Both CRP and PCT showed better specificity when higher cut-off values were used, but the compromise occasioned in a decrease in sensitivity and which may not be acceptable in clinical practice. Nonetheless, it was recently stated that the optimal cut-off value for CRP and PCT depends on whether the main clinical focus is “ruling in” or “ruling out” SBI [5]. In clinical decision making it is important not to miss an SBI, though equally important is to avoid “over-diagnose” which could lead to an overuse of antibiotics. It was concluded from the present study that the cut-off values of 40 mg/L for CRP and 0.5 ng/mL for PCT were best and that these are the cut-off values currently used in clinical practice [19].
The “Lab-score” was first derived from a population of one hundred and thirty five children and validated on a population of sixty seven children aged 7 days to 36 months recruited from a referral hospital in Geneva, Switzerland. All had been admitted to the emergency department presenting with fever without source with the same demographic and clinical characteristics. SBI was found in 27% of cases. The “Lab-score”, at a cut-off value of 3, best discriminated between children with and without SBI showing a sensitivity of 94% (95% CI: 82-99) and 94% (95% CI: 74-99) and a specificity of 81% (95% CI: 72-88) and 78% (95% CI: 64-87) in the derivation and validation set, respectively [16].
The “Lab-score” was further validated on a cohort of 408 children with FWS aged 7 days to 36 month recruited from the ED of a tertiary hospital in Padua, Italy. In this cohort, SBI was found in 22% and for a “Lab-score” cut-off value of 3, the sensitivity for the identification of SBI was 86% (95% CI: 77-92) and specificity was 83% (95% CI: 79-87) [17].

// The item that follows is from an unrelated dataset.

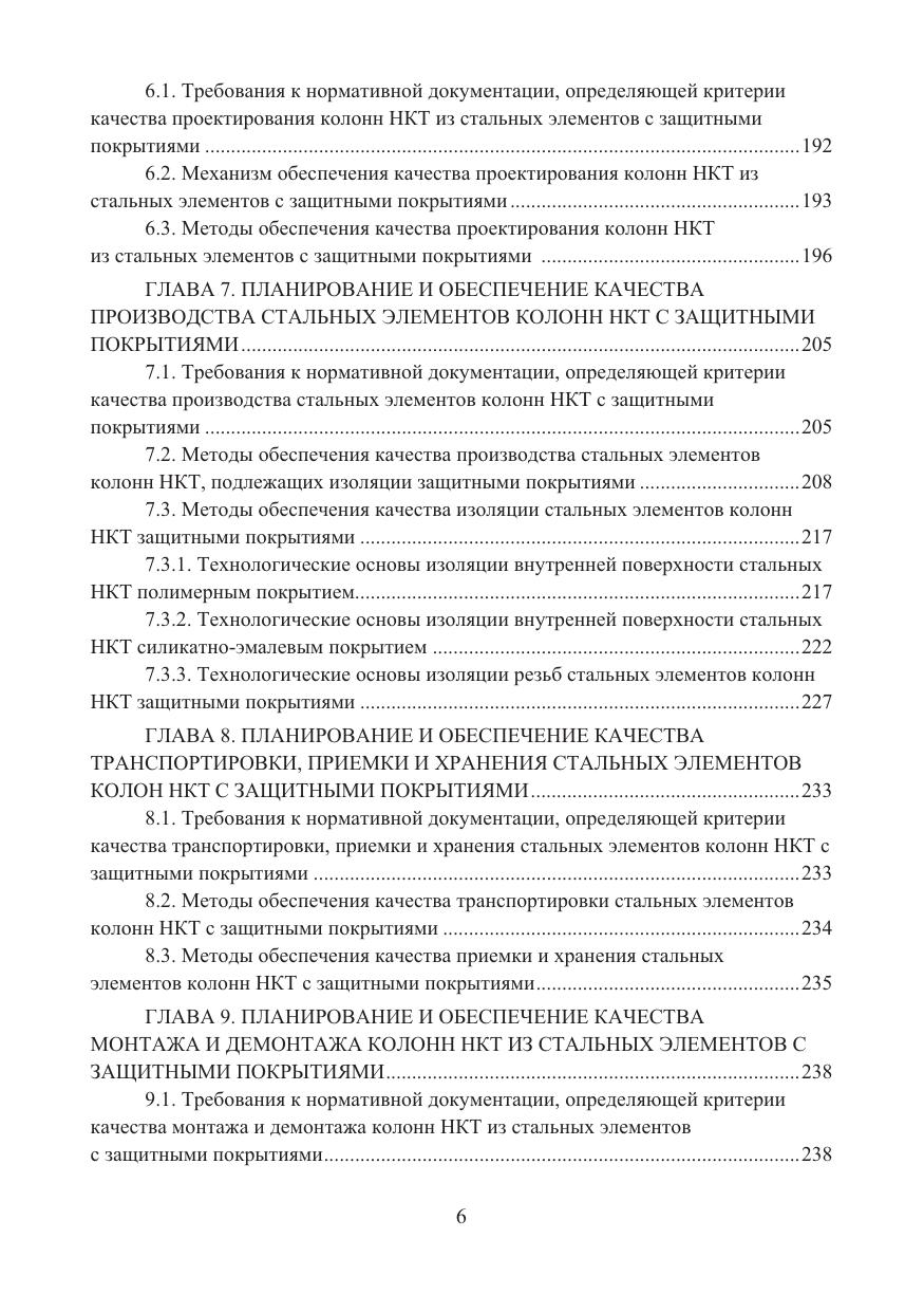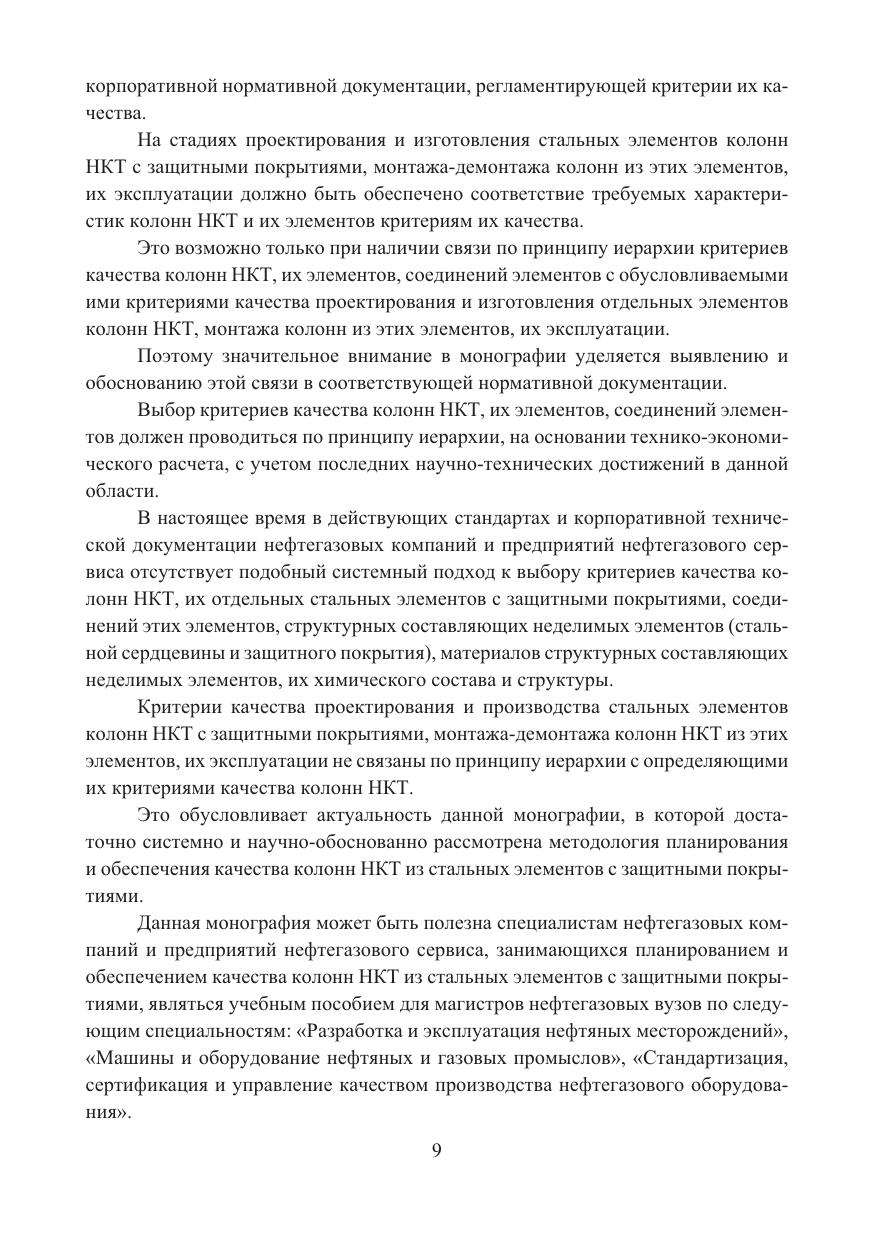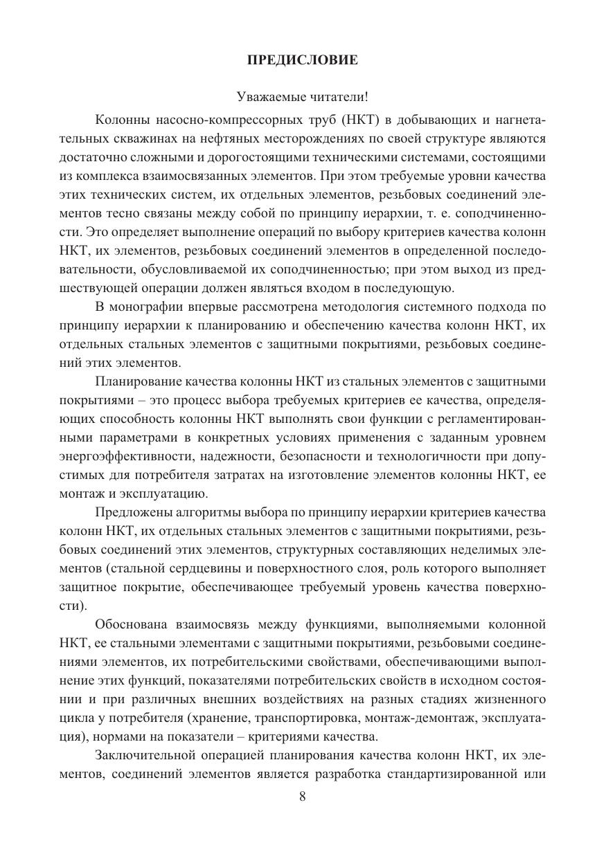 Рассмотрена сущность понятий «качество», «критерии качества», «планирование качества» колонн НКТ из стальных элементов с защитными покрытиями. Проанализирована взаимосвязь критериев качества колонн НКТ, их отдельных элементов, соединений этих элементов, структурных составляющих неделимых элементов. Приведены алгоритмы выбора критериев качества колонн НКТ, их элементов, соединений элементов. Рассмотрены конструктивные особенности колонн НКТ из стальных элементов с защитными покрытиями, особенности их проектирования, изготовления отдельных элементов, транспортировки, приемки, хранения, монтажа и демонтажа, эксплуатации.

The “Lab-score” performance was also assessed by Bressan et al [18] to identify SBI in a cohort of 1012 patients and invasive bacterial infections (IBS) in a cohort of 1098. These patients were recruited from several EDs in Italy and Spain. SBI was found in 28%. In the identification of SBI, at a cut-off value of 3, a sensitivity of 52% (95% CI: 46-58) and specificity of 95% (95% CI: 93-96) were reported.
Recently, the “Lab-score” was validated and updated by Nijman et al [19], on a large cohort of children aged 1 month to 16 years attending with fever at the University Hospital Rotterdam, Netherlands. Of the 1084 children analysed, SBI was found in 16%. At a “Lab-score” cut-off value of 3, the sensitivity was 60% (95% CI: 52-67) and the specificity 86% (95% CI: 84-88).
The present study assessed the accuracy of the “Lab-score” on a smaller cohort of infants than the above studies. The sensitivity is lower than the originally reported by Galetto-Lacour et al and the first validation study, but higher than it was found in the other two. The specificity is higher than found in the original study and lower than in the mix Italian-Spanish study.
Both the positive and negative LRs for CRP (40 mg/L), PCT (0.5 ng/mL) were calculated, as was a “Lab-score (3)” resulting in strong prediction results for the “Lab-score” as well as for the CRP and PCT individually. A positive LR of 10.43 (95% CI: 4.39-25) for the “Lab-score” in the current study, gives a result corresponding to the one obtained in the mix Italian- Spanish study, the latter being the only study other than the current, which tested the “Lab-score” on infants. A similar result was obtained for CRP (40 mg/L): 10.27 (95% CI: 3.68-29), which gave better results than PCT [positive LR 7.01 (3.50-14)]. By calculating the LR to determine the post-test probability it was shows that for the “Lab-score” increases the probability of SBI from 21% to 73% (95% CI: 54-87), with similar data being obtained for CRP [73% (95% CI: 50-89)], but somewhat lower for PCT [65% (95% CI: 48-79)].
With a negative LR of 0.28 (0.13-0.6) the “Lab-score” is shown to be a good predictor of SBI at this cut-off value. PCT [(0.5 ng/mL) 0.24 (0.10-0.57)] performed slightly better than the “Lab-score”, both been better than CRP [0.45 (0.26-0.76)] which is partly in accordance with the views of the original study which reported a better result for the “Lab-score” [16] and with the group of infants from the study which first validated the “Lab-score” [17].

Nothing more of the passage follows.